I figured I post this here since I'm always flapping my gums about airbrushing but most of my recent posting have been shiny, solid color models. So here's some proof that I actually know how to paint.

I really liked this kit (actually built it a couple of years ago). It's the best fitting model I've ever made. I'm a big fan of the mediterranean camo and that attracted me to the kit. Two pictures starting with:

http://groups.msn.com/Margaret6547/miscellaneous.msnw?action=ShowPhoto&PhotoID=57


----------



## John P (Sep 1, 1999)

Beauty, Brent.
Just to share, here's mine:
http://www.inpayne.com/models/beau1.html
(I Gotta reshoot those photos some day)

It is a great kit, isn't it? The entire wheel well/leg assemblies in mine are just slipped in without glue - you don't need it, it's so well Engineered.

I've seen a bunch of aftermarket resin for this kit. Maybe when I do the T-Mk-whatever version with the Big Fin, I'll put a resin cockpit in.


----------



## Brent Gair (Jun 26, 1999)

Well that certainly falls into the category of great minds thinking alike .

I remember this was the first time I used Xtracolor enamel. Weirdest stuff. A lot of people complain about the drying time. So I put on the Middlestone, and then sat the plane next to a heat vent at 80F and 25% relative humidity. That damn paint was tacky for a week!

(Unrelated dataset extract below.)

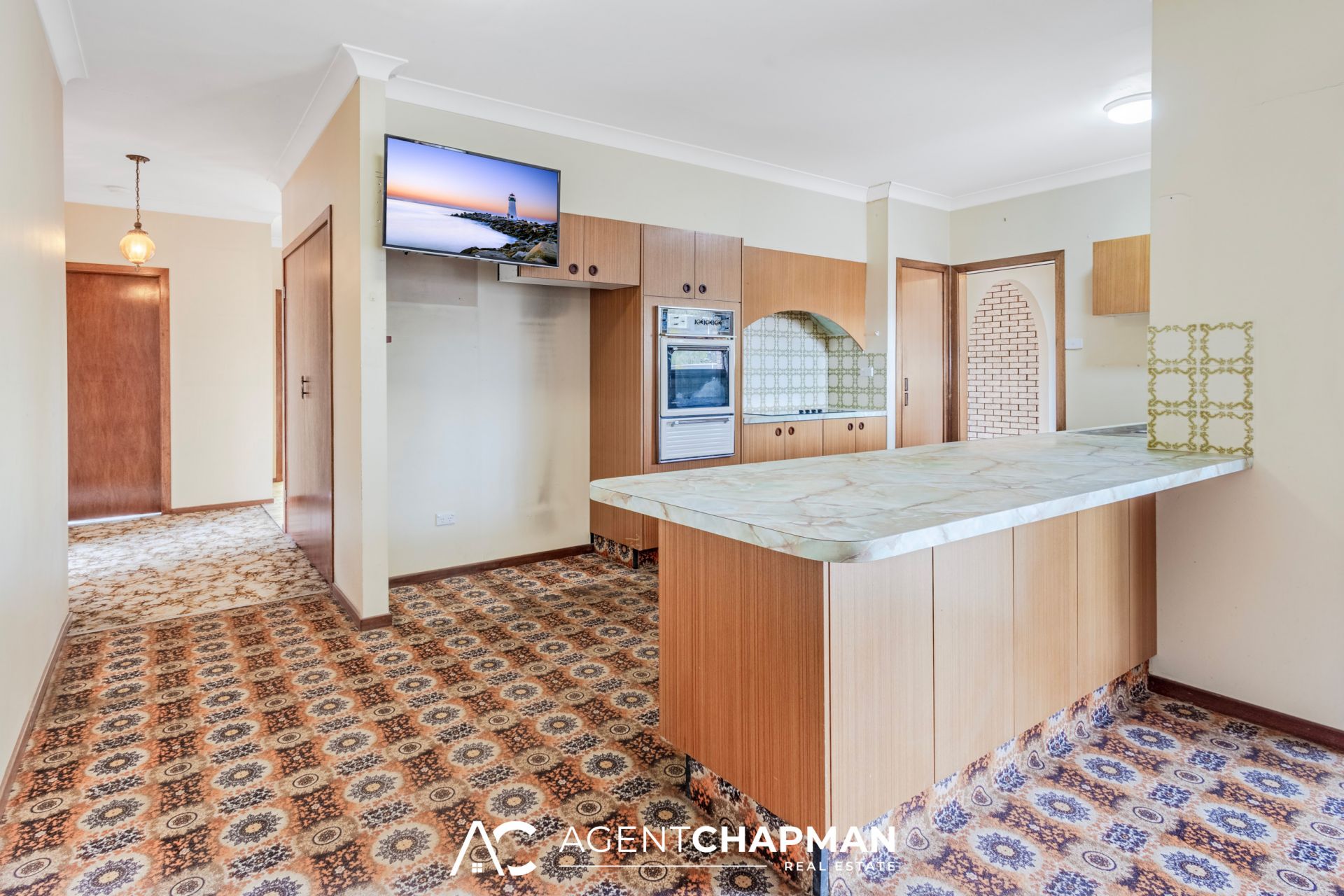 * Generous kitchen with electric cooking, ample storage space and breakfast bar.

Next, I painted the Dark Earth. It dried to the touch in about 20 minutes! Go figure.


----------



## fluke (Feb 27, 2001)

Very nice build ups gents! :thumbsup: 

What kit is that....and is it really that builder friendly?


----------



## John P (Sep 1, 1999)

fluke said:


> Very nice build ups gents!


 Thank you kind sir.



> What kit is that....


 Well, since the thread title says "Tamiya 1/48 Beaufighter..." 



> and is it really that builder friendly?

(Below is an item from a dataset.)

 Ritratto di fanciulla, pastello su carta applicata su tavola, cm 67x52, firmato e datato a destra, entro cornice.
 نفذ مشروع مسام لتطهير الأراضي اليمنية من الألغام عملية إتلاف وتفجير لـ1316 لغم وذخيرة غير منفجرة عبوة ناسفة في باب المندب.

 OH yes! _Beautifully _engineered. Even someone with your skill level can handle it.


----------



## fluke (Feb 27, 2001)

I'll get you! and it will look like a bloody accident! :tongue: 

Hey it was late and I was hight on a *COUNT CHOCULA * buzz! 

( Safeway here sales it year around ! and it was 2.00 bucks a box! couldn't help myself ....If I don't the kids will have it all gone by the time I get my butt outta bed! )


----------